• ASSIGNMENT
In the entries below, find the line with "# 22 12 June" and the line with "These little racers". Repeat exactly everything between them, those two lines included, but not the pictures.

• SUPPLIED RECORDS
----------------
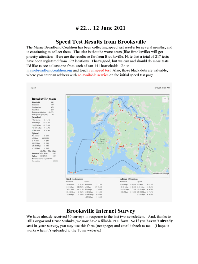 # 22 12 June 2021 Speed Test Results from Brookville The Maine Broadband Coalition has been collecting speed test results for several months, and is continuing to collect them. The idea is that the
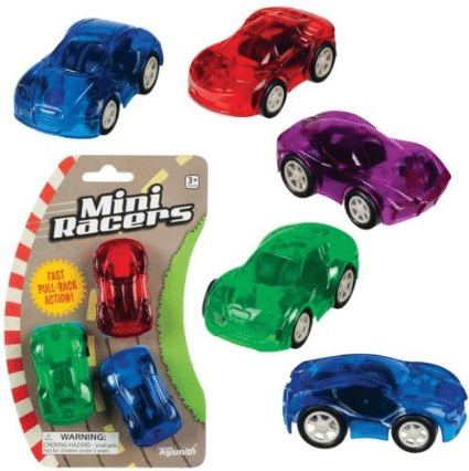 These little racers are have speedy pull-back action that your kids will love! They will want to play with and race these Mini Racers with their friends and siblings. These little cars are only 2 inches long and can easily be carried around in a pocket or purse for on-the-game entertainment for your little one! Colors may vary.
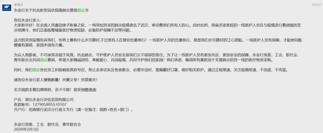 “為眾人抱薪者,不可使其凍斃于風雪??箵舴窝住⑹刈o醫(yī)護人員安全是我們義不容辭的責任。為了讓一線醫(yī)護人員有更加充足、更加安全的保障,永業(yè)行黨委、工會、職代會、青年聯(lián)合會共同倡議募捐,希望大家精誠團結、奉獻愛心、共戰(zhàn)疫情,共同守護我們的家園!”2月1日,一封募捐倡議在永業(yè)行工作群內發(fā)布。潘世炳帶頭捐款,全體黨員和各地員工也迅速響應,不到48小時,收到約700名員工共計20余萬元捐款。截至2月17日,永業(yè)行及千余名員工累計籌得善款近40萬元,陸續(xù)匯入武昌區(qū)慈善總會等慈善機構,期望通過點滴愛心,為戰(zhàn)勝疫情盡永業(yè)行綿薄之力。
----------------
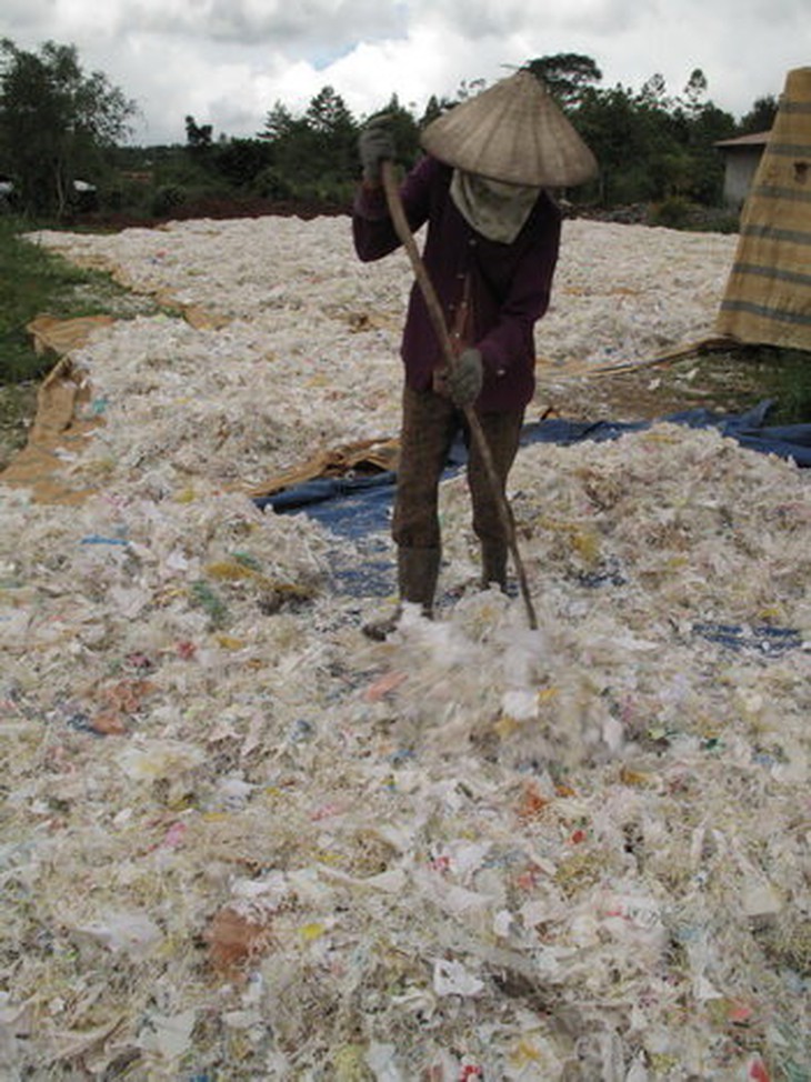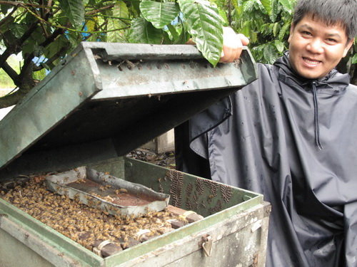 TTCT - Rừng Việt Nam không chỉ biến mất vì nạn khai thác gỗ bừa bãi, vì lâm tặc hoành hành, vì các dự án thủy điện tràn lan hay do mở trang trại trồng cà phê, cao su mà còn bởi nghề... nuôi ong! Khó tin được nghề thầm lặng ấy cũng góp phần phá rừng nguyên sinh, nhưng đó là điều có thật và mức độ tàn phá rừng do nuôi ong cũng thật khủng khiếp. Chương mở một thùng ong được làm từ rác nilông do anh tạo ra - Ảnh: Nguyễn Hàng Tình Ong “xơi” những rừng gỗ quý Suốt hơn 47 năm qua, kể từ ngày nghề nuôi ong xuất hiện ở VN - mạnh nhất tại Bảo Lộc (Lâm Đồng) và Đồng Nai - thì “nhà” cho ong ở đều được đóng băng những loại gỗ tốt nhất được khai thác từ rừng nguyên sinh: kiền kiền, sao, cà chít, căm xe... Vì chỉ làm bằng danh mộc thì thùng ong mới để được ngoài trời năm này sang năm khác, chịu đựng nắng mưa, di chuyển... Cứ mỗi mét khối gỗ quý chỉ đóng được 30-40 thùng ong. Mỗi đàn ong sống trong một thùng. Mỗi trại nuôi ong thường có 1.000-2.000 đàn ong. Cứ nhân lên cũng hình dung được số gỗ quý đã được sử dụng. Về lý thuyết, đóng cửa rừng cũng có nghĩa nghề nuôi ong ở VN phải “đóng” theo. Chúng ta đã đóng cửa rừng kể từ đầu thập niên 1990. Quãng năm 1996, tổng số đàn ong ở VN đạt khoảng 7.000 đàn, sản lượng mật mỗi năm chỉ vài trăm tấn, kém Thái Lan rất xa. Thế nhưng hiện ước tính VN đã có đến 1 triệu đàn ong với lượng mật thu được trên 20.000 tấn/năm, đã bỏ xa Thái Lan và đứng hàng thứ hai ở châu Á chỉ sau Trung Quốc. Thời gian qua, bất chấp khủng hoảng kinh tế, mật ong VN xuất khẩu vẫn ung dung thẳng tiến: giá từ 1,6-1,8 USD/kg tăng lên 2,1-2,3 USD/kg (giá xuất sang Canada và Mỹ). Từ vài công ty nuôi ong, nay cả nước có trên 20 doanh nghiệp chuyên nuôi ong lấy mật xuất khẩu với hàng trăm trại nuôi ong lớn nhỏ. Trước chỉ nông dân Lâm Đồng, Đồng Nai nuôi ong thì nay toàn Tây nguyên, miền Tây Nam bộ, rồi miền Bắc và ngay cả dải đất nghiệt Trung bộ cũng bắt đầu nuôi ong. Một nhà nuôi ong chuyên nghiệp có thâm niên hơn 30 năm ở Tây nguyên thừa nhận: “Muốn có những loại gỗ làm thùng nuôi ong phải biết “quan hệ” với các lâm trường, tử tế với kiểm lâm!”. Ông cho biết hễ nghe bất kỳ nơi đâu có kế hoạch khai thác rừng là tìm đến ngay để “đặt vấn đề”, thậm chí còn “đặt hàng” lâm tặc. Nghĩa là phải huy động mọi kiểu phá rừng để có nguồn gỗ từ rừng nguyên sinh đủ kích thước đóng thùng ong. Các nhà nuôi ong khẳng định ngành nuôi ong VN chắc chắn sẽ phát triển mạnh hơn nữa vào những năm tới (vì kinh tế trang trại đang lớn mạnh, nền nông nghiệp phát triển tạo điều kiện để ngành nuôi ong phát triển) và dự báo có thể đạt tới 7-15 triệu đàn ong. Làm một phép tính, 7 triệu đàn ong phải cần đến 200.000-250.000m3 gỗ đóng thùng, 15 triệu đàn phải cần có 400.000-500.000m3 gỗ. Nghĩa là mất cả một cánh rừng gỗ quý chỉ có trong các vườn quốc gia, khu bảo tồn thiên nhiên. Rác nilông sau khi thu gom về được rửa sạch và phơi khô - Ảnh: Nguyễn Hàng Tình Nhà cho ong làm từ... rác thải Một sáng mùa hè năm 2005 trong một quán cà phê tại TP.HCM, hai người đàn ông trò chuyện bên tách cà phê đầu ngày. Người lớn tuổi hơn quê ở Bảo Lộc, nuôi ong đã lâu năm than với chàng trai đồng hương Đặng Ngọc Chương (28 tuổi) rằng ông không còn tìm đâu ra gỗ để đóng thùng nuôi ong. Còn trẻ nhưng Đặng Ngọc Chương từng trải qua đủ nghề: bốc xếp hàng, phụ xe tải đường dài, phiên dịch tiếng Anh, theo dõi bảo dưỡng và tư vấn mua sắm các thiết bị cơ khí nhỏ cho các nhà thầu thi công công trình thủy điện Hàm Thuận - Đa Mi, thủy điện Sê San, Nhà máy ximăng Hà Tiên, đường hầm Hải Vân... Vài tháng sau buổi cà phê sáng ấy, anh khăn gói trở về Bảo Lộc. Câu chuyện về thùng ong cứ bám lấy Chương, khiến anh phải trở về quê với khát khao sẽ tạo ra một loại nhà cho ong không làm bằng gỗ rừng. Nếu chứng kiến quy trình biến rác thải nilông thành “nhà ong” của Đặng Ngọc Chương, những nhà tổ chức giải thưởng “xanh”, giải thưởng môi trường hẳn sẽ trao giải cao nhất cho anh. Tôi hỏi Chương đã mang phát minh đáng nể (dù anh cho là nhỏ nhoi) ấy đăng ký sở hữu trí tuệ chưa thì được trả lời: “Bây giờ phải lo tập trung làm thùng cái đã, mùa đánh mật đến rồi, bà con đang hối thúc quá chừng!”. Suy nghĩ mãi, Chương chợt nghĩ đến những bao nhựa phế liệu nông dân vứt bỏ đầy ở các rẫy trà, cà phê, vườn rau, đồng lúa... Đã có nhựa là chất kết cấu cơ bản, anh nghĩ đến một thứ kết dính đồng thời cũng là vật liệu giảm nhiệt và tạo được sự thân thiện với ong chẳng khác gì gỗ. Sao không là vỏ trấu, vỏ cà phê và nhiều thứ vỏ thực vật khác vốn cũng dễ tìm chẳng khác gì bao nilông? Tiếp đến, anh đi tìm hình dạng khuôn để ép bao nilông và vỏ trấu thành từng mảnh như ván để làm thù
----------------
• ANSWER TO THE PROBLEM
 # 22 12 June 2021 Speed Test Results from Brookville The Maine Broadband Coalition has been collecting speed test results for several months, and is continuing to collect them. The idea is that the
 These little racers are have speedy pull-back action that your kids will love! They will want to play with and race these Mini Racers with their friends and siblings. These little cars are only 2 inches long and can easily be carried around in a pocket or purse for on-the-game entertainment for your little one! Colors may vary.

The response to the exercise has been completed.